Read datasheets for ripple current at your required voltage and capacitance of a few caps.
   
  I'm not going to hand you the answer.


----------



## Avro_Arrow

Check this monster out...it can do about 20 amps...


----------



## tomb

Quote: 





thelaw said:


> Wow. Can I not properly write anymore? That's what I meant.

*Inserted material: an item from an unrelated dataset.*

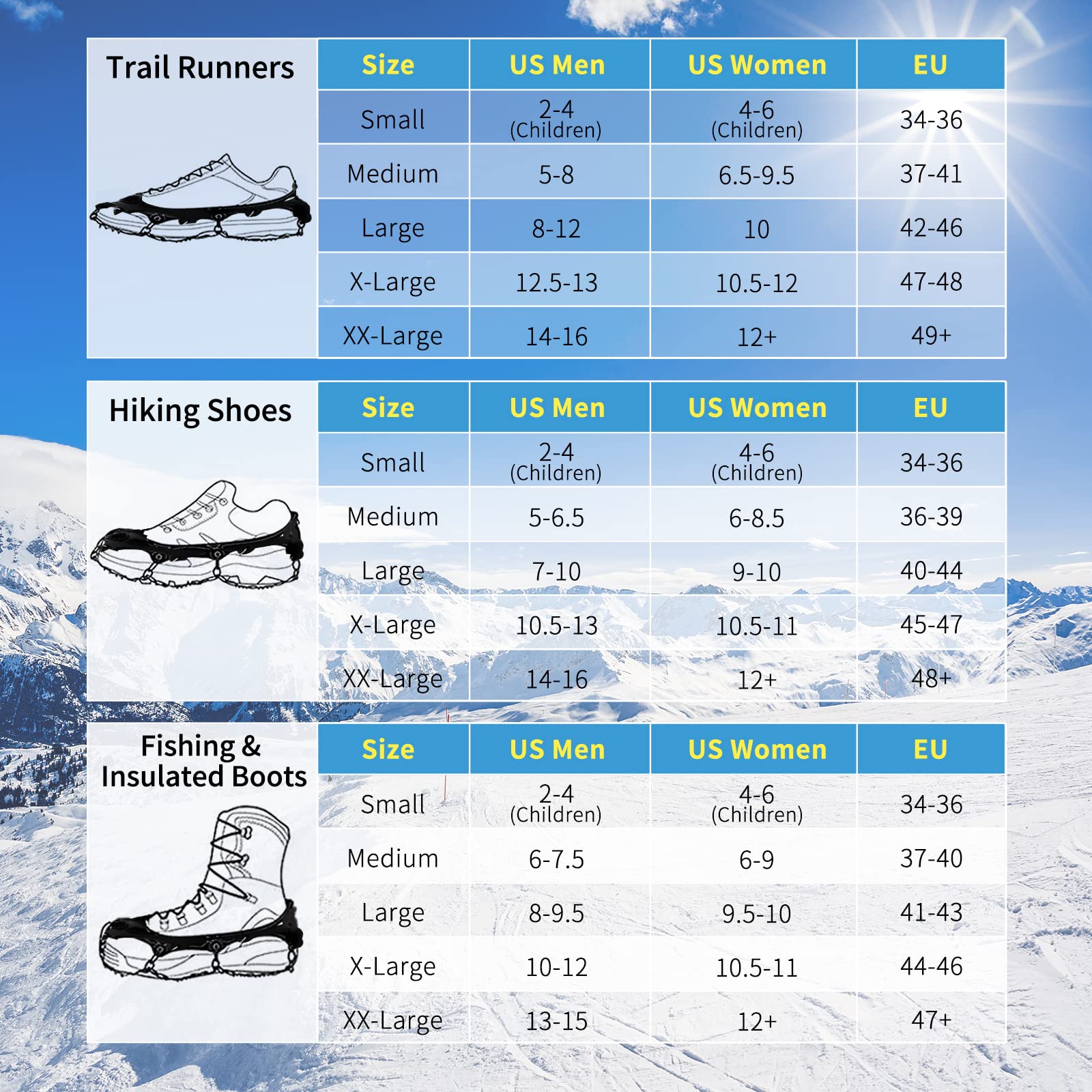 - 【Easily & Tightly Fit】 Quickly wear on the ice cleats and fasten the Velcro tightly when you are going to walk outside. Highly elasticity TPE rubber material is easy to stretch to fit different footwear. Lightweight & easy to carry in backpack. 5 sizes from small to XX-large, suitable for men or women of all ages.

The Nichicon KG Audio caps would have lower/worse ripple than other similar non-audio caps.


 

 No, you were right on that one.  I was thinking worse is less ripple protection, but the rating is actually higher on the better cap.  My mistake.
   
  I think cobaltmute is trying to point out that there are exceptions, that's all.  Ultimately, it depends on the power supply and amp design.  If your amp design/power supply has an inherently high psrr, then standard or "power-grade" caps are what you want - because, as you pointed out - the ripple rating is much higher on those caps.  On the other hand, if you're dealing with a run-of-the-mill power supply and amp design (not optimized for psrr), then you may still be better off with audio-grade caps.  This is because the audio quality will filter all the way through the amp into the sound output - non-audio-grade caps, bad sound - even if they're in the power supply.  Most of the stuff around here is inherently high in psrr.  Where you see audio caps making a difference in the power supply is in commercial hi-fi components - CD players, receivers, tuners, etc.  There you may have noticeable improvements in sound quality by bypassing power electrolytics with some audio-grade film caps, for instance, etc., etc.


----------



## akgfan

Please don't spent too much money for audio grade parts for lm3886 amp. It's no use. Just audio caps in signal cap. That amp is maybe "cool", but it's nowhere near as good discrete amp (bipolar/mosfet). Choose wisely.


----------